- **Exercise requirements**
In the listing below, the lines starting with the line with "領(lǐng)導(dǎo)班子成員將慰問品和防疫物資遞交給施工人員" and going on through the line with "Temerini Újság, 16." are to be reproduced exactly, and only those.

- **Input material**
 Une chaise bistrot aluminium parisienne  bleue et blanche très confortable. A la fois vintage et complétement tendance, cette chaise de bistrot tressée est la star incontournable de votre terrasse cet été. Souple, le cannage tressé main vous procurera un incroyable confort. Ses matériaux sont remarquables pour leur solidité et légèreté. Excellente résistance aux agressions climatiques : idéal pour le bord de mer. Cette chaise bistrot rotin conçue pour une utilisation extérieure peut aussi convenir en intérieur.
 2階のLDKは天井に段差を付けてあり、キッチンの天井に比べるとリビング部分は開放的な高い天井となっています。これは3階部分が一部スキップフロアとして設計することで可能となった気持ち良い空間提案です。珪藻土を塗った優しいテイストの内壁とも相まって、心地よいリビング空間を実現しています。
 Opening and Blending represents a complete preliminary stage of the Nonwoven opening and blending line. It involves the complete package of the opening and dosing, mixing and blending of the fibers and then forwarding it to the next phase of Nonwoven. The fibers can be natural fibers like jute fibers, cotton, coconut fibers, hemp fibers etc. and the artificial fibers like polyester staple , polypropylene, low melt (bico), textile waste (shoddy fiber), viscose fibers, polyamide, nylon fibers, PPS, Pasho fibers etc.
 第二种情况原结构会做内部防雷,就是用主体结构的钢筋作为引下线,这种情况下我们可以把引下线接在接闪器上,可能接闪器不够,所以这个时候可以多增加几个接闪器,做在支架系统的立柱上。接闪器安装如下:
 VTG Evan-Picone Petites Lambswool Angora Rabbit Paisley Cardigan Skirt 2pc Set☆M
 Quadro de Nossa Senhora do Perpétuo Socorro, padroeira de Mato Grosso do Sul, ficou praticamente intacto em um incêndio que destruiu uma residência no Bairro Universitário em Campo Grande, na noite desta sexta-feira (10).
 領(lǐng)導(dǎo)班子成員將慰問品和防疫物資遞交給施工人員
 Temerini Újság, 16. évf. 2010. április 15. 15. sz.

* * *

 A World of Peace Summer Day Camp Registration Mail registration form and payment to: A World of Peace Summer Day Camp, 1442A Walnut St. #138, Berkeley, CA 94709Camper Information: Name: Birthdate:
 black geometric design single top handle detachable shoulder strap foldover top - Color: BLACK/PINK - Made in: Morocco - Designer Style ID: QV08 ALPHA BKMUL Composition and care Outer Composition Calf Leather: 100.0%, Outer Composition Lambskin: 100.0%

--

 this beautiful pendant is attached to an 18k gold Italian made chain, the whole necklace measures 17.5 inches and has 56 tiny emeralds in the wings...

- **Written response**
 領(lǐng)導(dǎo)班子成員將慰問品和防疫物資遞交給施工人員
 Temerini Újság, 16. évf. 2010. április 15. 15. sz.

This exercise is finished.